In February 1972, President Richard Nixon stunned America and the rest of the world by visiting China and sitting down for a dialogue with that country’s aging dictator Mao Tse-tung, which we all saw on TV. A gradual thaw in Chinese-American relations followed, and within a decade normal trade and diplomatic connections were established, and the first American tourists arrived in a country that for so long had been on the dark side of the moon. This, however, hardly brought any peace to Asia. Our ally South Vietnam fell to the North in April 1975, and that same month a reign of terror began next door in Cambodia when the genocidal Khmer Rouge seized power, and in four years murdered twenty percent of that country’s population.

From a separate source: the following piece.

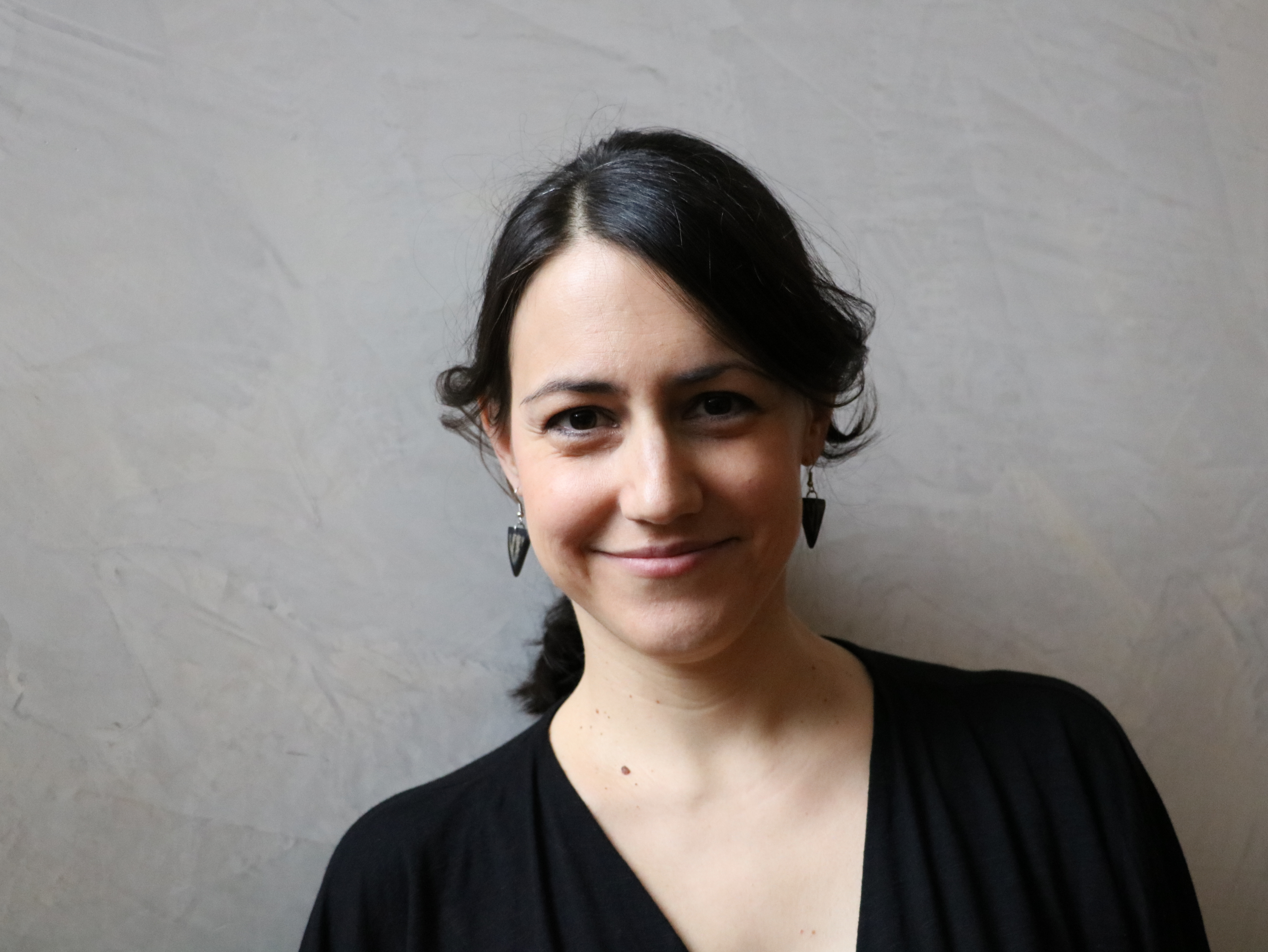 Lidija Bizjak, pianist, February 3rd, 2017, Nantes.

In the midst of these tumultuous events, in August 1976, a violent incident took place in the tense demilitarized zone that separates North and South Korea. Two American soldiers were pruning a tree for a clearer view to the north, when a squad of North Korean troops pulled up in a truck. An argument broke out, and ended with the two Americans being bludgeoned to death. I saw a brief segment about the incident on the television news, which showed the North Korean killers being greeted as heroes by their comrades. At the time, I was a staunch conservative who believed that America was a beacon of freedom in the world, that we were the good guys who could do no wrong, and if there was one country that was the exact opposite of everything America stood for, it was North Korea. A college friend of mine, who went into the Navy right after graduation, shared my sentiments. He had seen the same news clip on TV, and we had a good laugh at the behavior of these subhuman North Koreans. How smugly satisfied and superior we felt looking down at these fanatical Oriental savages.

Thirty-seven years later I had my picture taken with one.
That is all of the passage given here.